[Items from a data source]
....
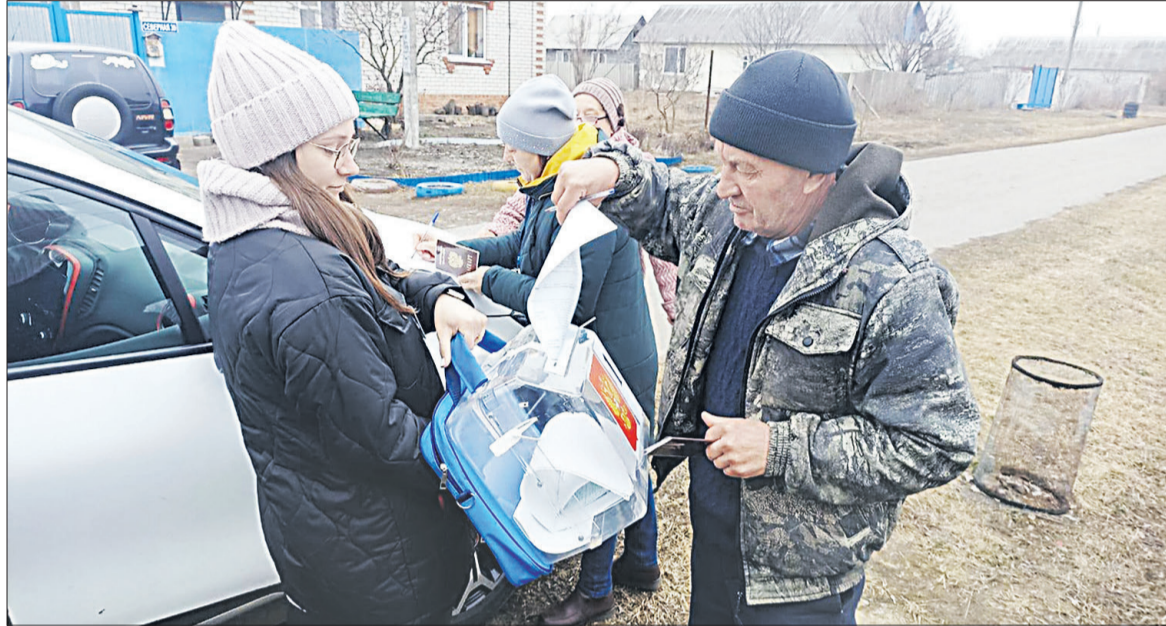
Многие яковлевцы голосовали прямо на «дому».
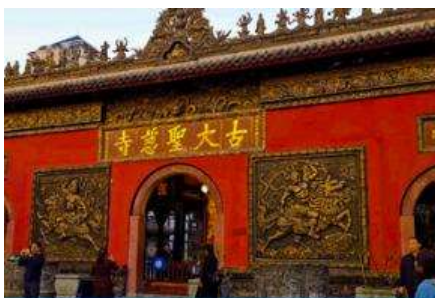
วัดต้าเจี๊ว

พักที่ MAOXIAN INTER HOTEL โรงแรมระดับ 4 ดาวหรือเทียบเท่าในเมืองมา่เจี้ยน
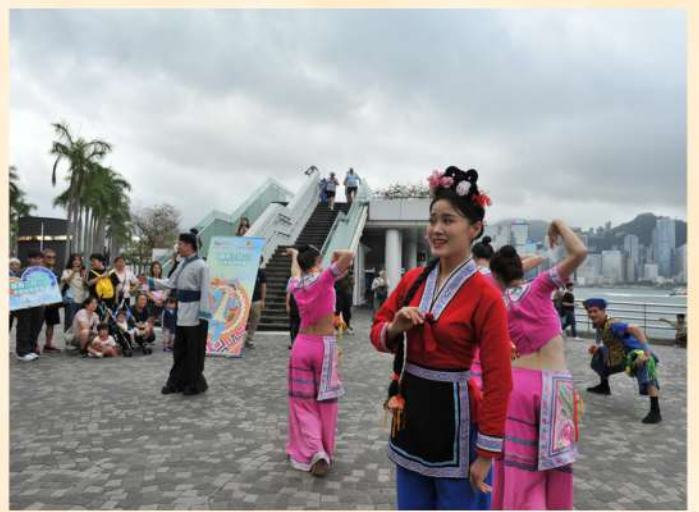
「廣西三月三」走進港澳系列活動規模不斷擴大，今年我們更在景區和社區進行廣西少數民族的特色表演。
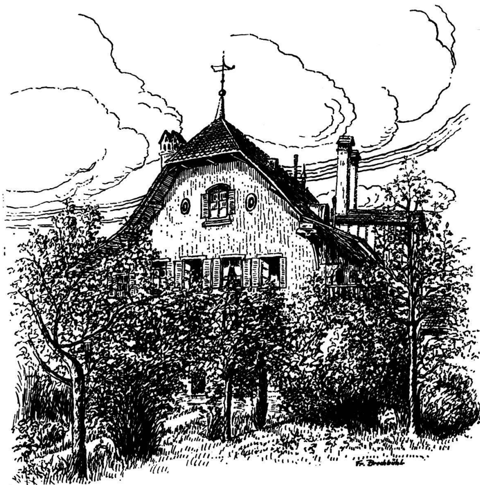
Weihergasse 17, Gartenseite

berkronen und seiner Ehefrau eine Sonnenkrone. Das ist zusammen etwa so viel wie 650 heutige Franken. — Zu dem 1596 erworbenen Wasser kamen später weitere Quellen, von denen noch die Rede sein wird.
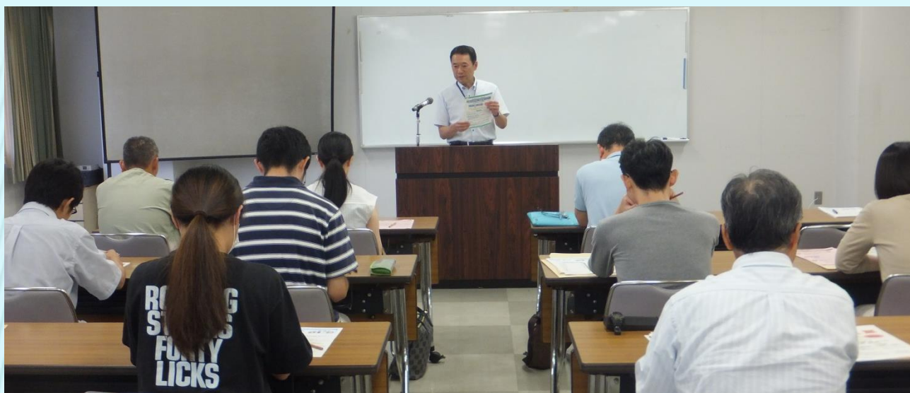
▲ハローワークより求職者支援制度の説明
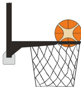
Dijagram 3. Lopta je unutar koša
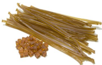
3. 膠 (三千本膠・鹿膠)
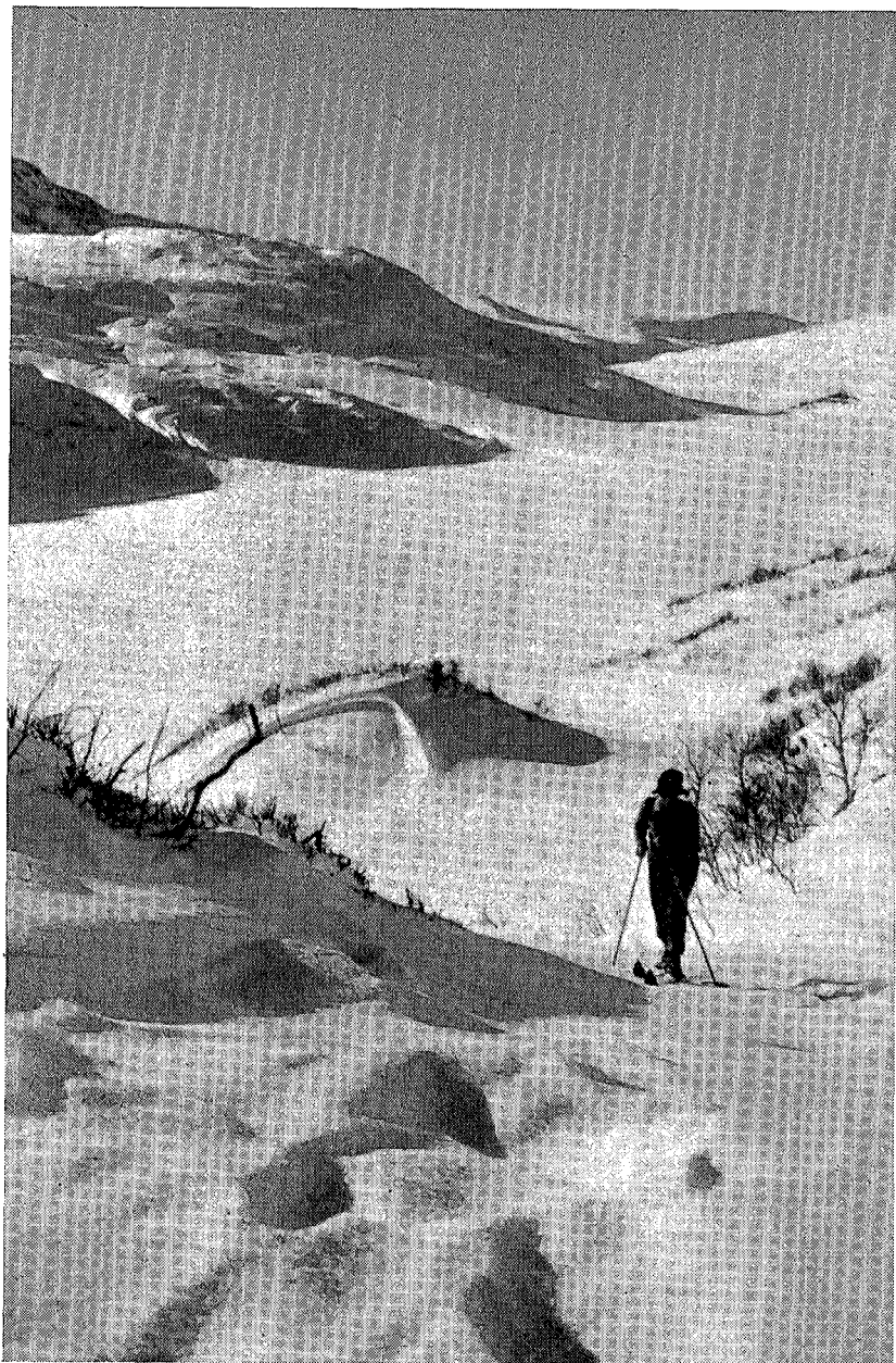
Fra Tovatn, Trollheimen.
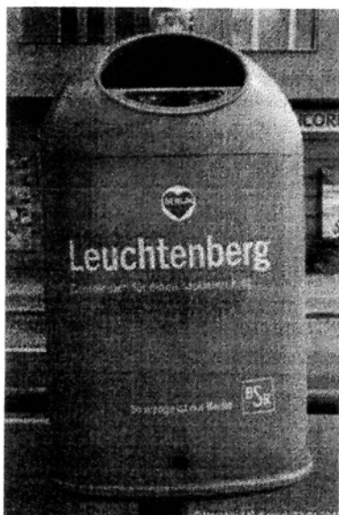
Dieser Aschenbecher aus Berlin zeigt beispielhaft wie so ein Abfallbehälter aussehen könnte

Dabei haben sich Abfallbehälter mit integrierten Aschenbechern in anderen Städten bewährt. Wir beantragen daher, vorgenannte Abfallbehälter aufzustellen.
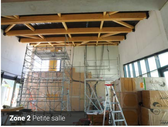
Zone 2 Petite salle
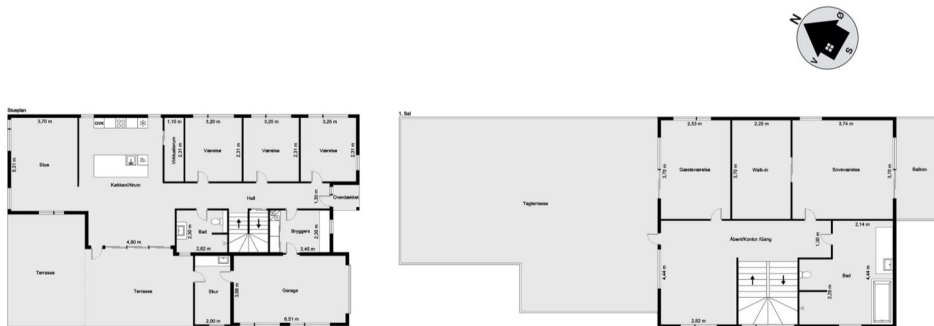
Vejledende tegning uden ansvar! (Profilim.dk)
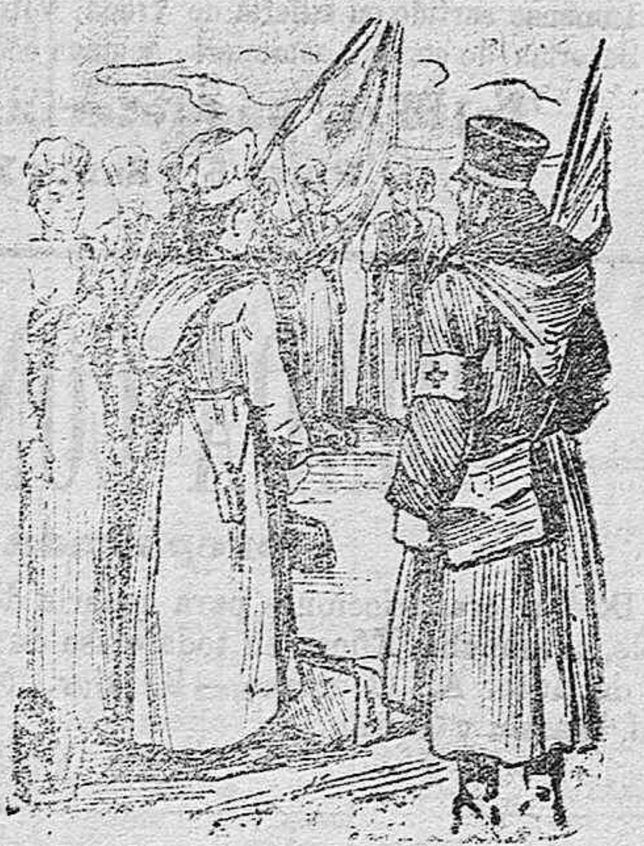
Ambulancias ruso-japonesas de la Cruz Roja.
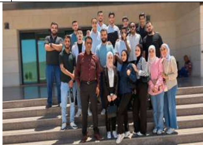
Amman University College students visit Amman Customs Directorate
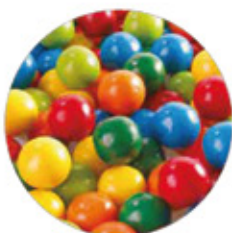
AGOGO ORIGINAL CHICLE BOLA SABOR TUTTI FRUTI

000124 Supergigante 8 Fundas de 2 kg - paca 00098 Gigante 4 Fundas de 4 kg - paca 0009 Pequeña 8 Fundas de 1.725 kg - paca
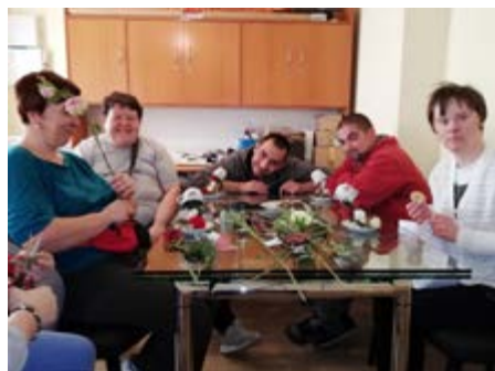
Fot. Zajęcia artystyczno - kreatywne w Gminie Przeworsk

Podsumowującym punktem projektu będzie występ taneczno - rytmiczny grupy z Gorliczyny na spotkaniu opłatkowym organizowanym przez Gminny Ośrodek Pomocy Społecznej w Przeworsku.
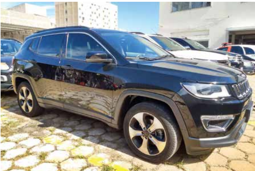
Carro de luxo apreendido pela Polícia Civil durante a operação

As empresas de Fernandópolis e da região estão recebendo boleto bancário tendo como beneficiário o SNCC de São Paulo, para ser pago no presente mês de abril/2019, variando os valores cobrados. Página A2
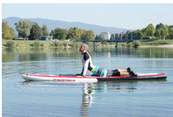
Slika 17. Uvnuće leđa u ležanju na trbuhu
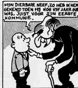
Het B-Gevaar, 1948 – stroken 25-26-27.
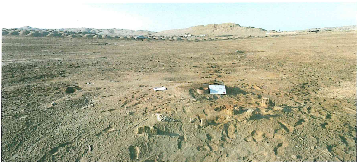
Fotografía N° 2. Vista panorámica de los alrededores al pozo T1412, se observa suelo arenoso de escasa vegetación con topografía plana.
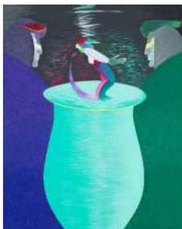
Vase orné de rêves I , 2006 acrylique sur toile, 100 x 80 cm

17h : Finissage de l'exposition René Myrha – Un Temps chasse l'autre
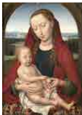
Hans Memling Virgem e o Menino c. 1485 MNAA Sala 64
....
**The problem**
Without the pictures, give again exactly the lines above starting at the line containing "Amman University College" and ending at the line containing "Podsumowującym punktem projektu".

**Task response**
Amman University College students visit Amman Customs Directorate
AGOGO ORIGINAL CHICLE BOLA SABOR TUTTI FRUTI

000124 Supergigante 8 Fundas de 2 kg - paca 00098 Gigante 4 Fundas de 4 kg - paca 0009 Pequeña 8 Fundas de 1.725 kg - paca
Fot. Zajęcia artystyczno - kreatywne w Gminie Przeworsk

Podsumowującym punktem projektu będzie występ taneczno - rytmiczny grupy z Gorliczyny na spotkaniu opłatkowym organizowanym przez Gminny Ośrodek Pomocy Społecznej w Przeworsku.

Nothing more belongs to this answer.